HOW TO COMPLETE THIS TASK »
Using the entries that follow, transcribe only the lines from the line with "Pop by the USO" to the line with "北京德凯律师团骨干律师/普法", both included, exactly as they stand and without pictures.

(Beginning of DATASET EXTRACT)

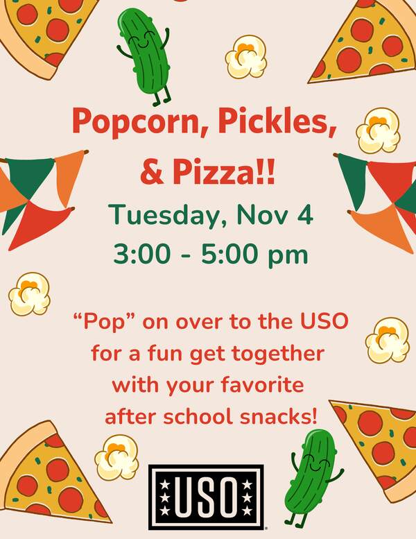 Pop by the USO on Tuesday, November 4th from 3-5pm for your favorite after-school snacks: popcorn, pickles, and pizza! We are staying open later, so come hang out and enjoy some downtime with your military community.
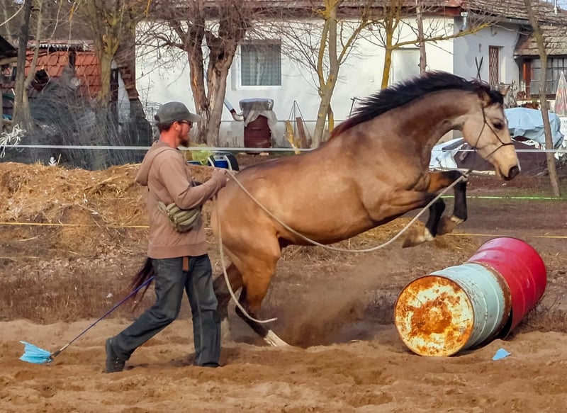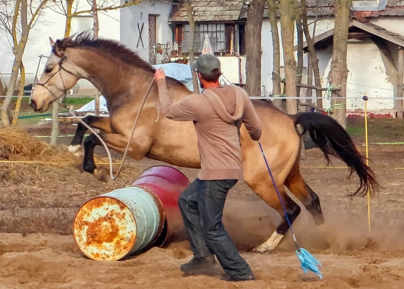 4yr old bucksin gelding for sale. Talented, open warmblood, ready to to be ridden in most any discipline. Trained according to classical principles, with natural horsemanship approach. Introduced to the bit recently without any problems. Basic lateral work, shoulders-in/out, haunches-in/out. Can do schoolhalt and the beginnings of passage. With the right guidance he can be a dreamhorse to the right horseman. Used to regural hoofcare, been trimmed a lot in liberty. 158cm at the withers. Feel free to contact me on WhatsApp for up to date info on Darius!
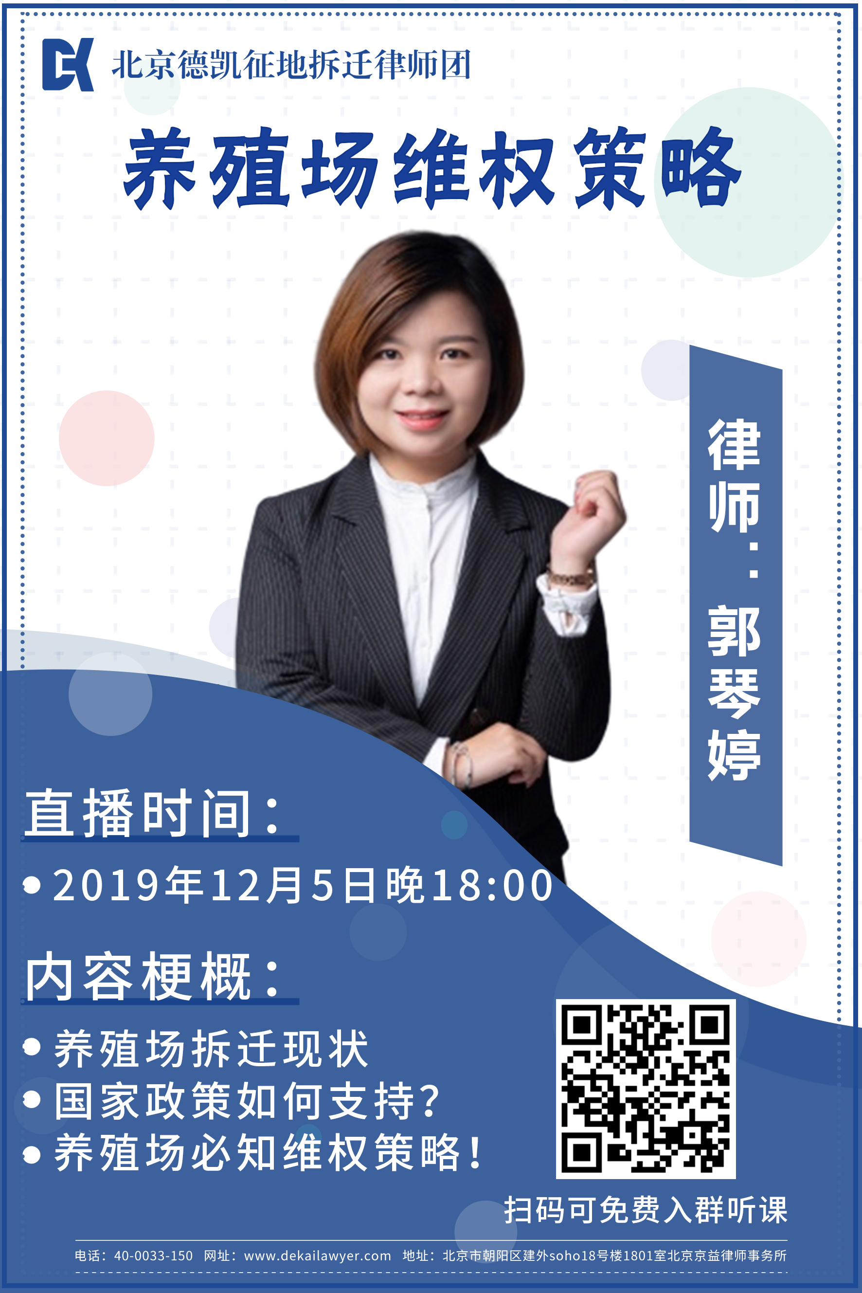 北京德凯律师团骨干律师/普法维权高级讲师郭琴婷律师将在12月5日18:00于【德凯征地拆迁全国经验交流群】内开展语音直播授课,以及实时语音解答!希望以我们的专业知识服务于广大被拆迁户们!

(End of DATASET EXTRACT)
(Beginning of DATASET EXTRACT)

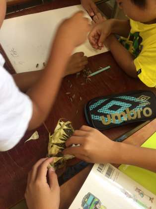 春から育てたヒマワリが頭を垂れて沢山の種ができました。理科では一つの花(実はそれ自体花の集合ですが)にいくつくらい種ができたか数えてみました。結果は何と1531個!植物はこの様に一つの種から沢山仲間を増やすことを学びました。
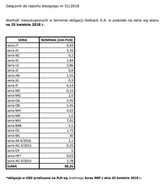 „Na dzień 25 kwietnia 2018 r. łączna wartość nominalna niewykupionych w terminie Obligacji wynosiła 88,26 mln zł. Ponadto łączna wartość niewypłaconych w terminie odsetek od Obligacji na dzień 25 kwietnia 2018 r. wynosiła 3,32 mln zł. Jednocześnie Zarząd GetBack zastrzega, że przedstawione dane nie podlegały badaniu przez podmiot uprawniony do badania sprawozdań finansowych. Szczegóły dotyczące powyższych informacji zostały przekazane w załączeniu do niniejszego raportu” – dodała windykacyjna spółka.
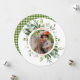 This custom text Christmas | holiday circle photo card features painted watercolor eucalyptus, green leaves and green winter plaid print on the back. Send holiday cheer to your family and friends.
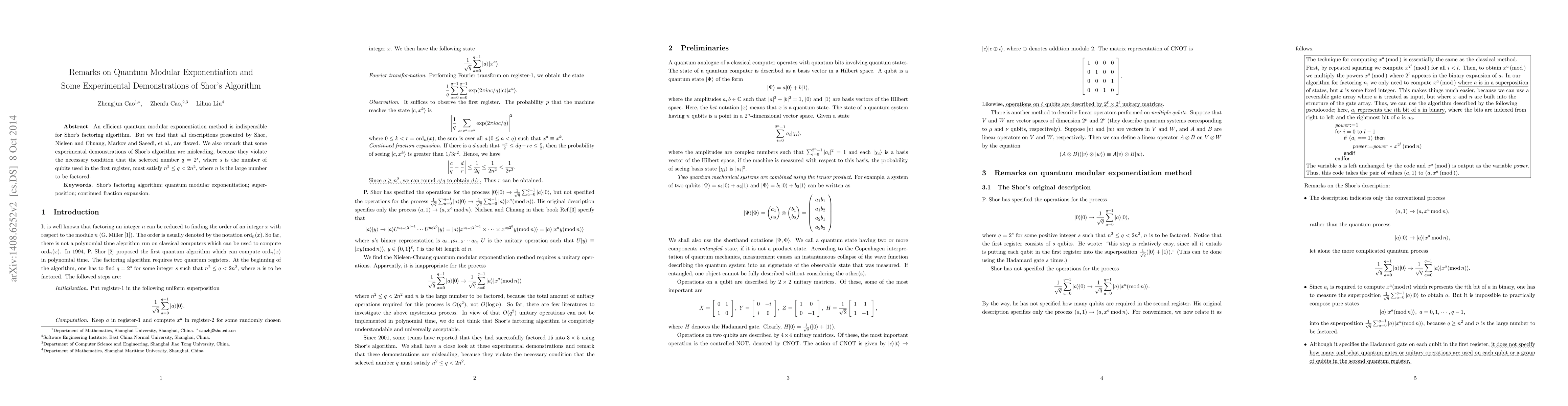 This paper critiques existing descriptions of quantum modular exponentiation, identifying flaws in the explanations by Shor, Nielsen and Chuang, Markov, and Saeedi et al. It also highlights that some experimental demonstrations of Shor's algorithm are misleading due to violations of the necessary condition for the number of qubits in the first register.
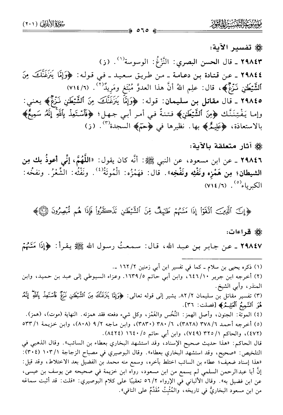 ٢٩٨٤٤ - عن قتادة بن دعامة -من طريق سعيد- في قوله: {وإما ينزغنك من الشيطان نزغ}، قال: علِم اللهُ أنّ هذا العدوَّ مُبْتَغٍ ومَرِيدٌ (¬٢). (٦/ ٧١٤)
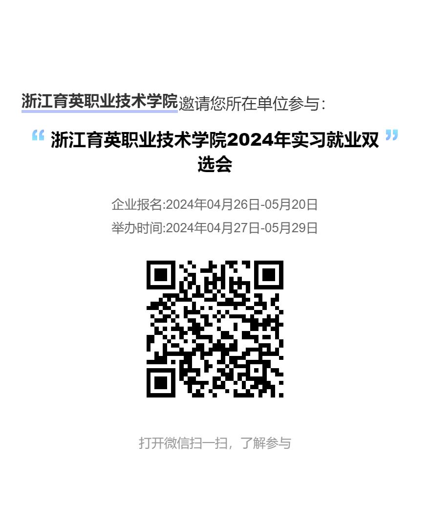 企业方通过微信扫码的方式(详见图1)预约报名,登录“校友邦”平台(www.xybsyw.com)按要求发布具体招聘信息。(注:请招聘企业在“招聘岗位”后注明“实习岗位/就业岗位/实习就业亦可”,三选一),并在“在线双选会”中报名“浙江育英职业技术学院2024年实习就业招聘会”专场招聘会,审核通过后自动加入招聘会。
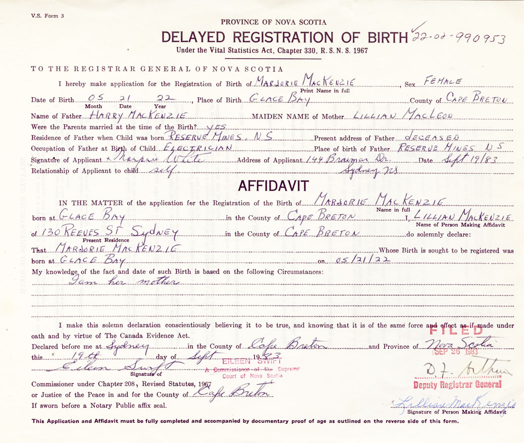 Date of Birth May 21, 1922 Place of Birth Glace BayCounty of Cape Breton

(End of DATASET EXTRACT)
(Beginning of DATASET EXTRACT)

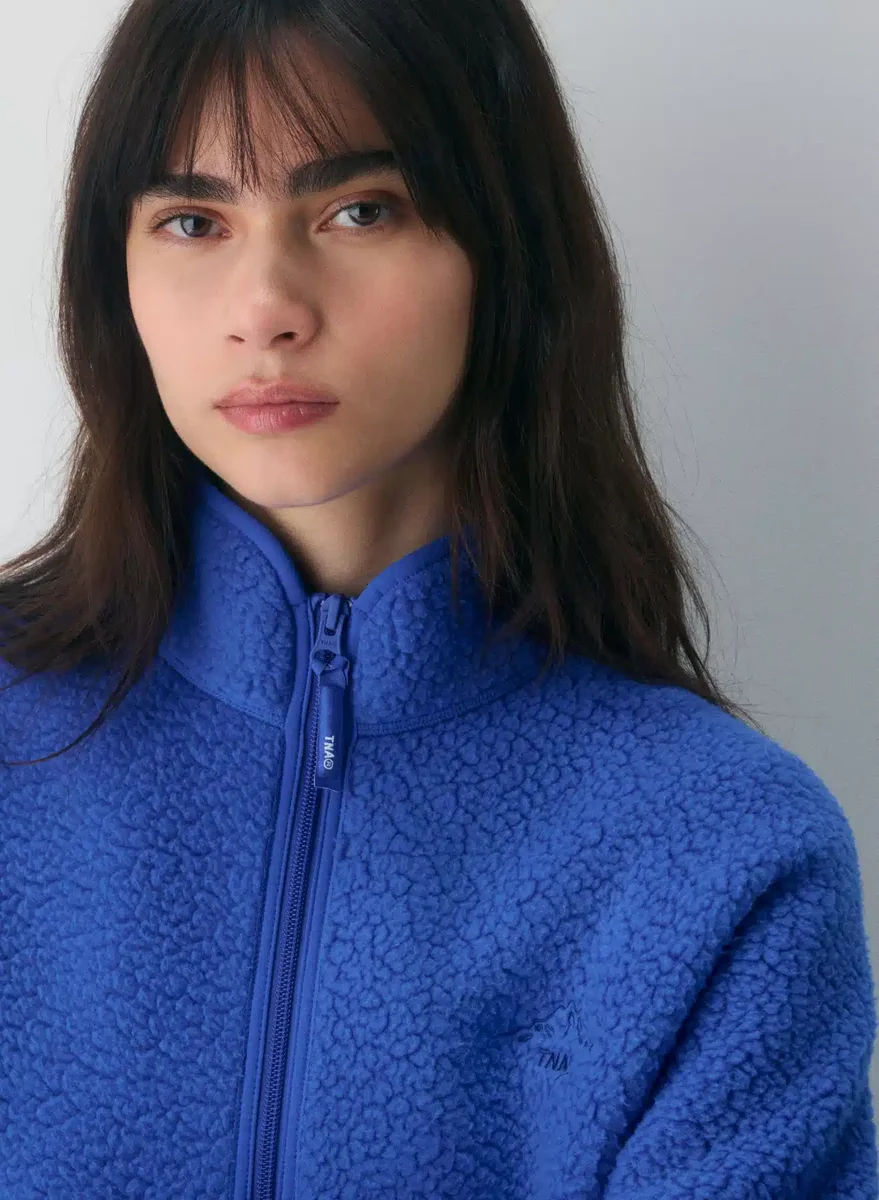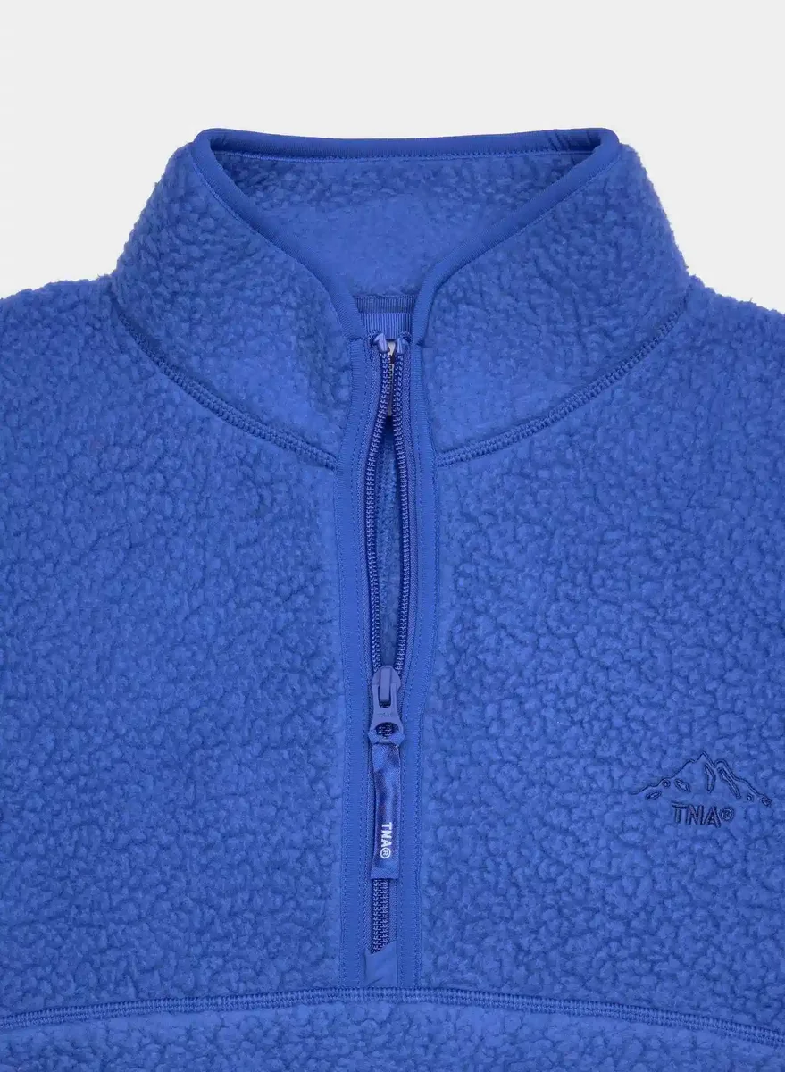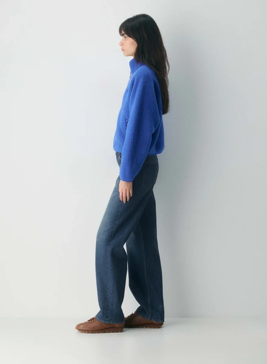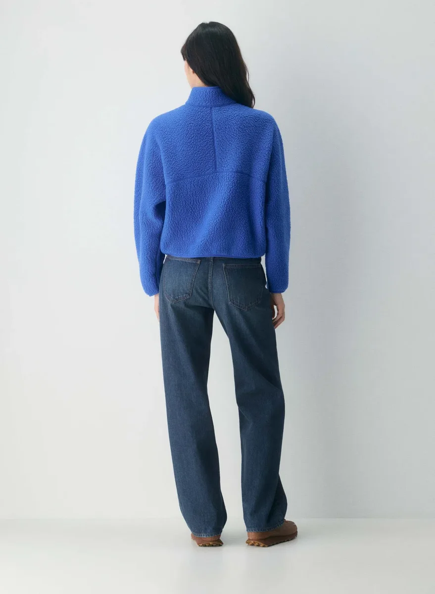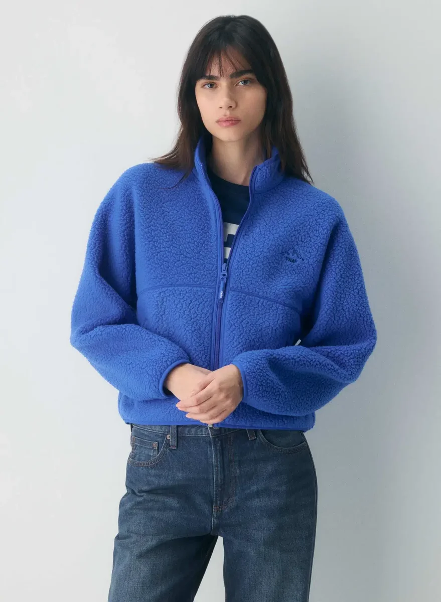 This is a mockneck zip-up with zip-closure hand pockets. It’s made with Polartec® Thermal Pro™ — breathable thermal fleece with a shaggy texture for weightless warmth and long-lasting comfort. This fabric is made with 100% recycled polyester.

(End of DATASET EXTRACT)

RESULT »
 Pop by the USO on Tuesday, November 4th from 3-5pm for your favorite after-school snacks: popcorn, pickles, and pizza! We are staying open later, so come hang out and enjoy some downtime with your military community.
 4yr old bucksin gelding for sale. Talented, open warmblood, ready to to be ridden in most any discipline. Trained according to classical principles, with natural horsemanship approach. Introduced to the bit recently without any problems. Basic lateral work, shoulders-in/out, haunches-in/out. Can do schoolhalt and the beginnings of passage. With the right guidance he can be a dreamhorse to the right horseman. Used to regural hoofcare, been trimmed a lot in liberty. 158cm at the withers. Feel free to contact me on WhatsApp for up to date info on Darius!
 北京德凯律师团骨干律师/普法维权高级讲师郭琴婷律师将在12月5日18:00于【德凯征地拆迁全国经验交流群】内开展语音直播授课,以及实时语音解答!希望以我们的专业知识服务于广大被拆迁户们!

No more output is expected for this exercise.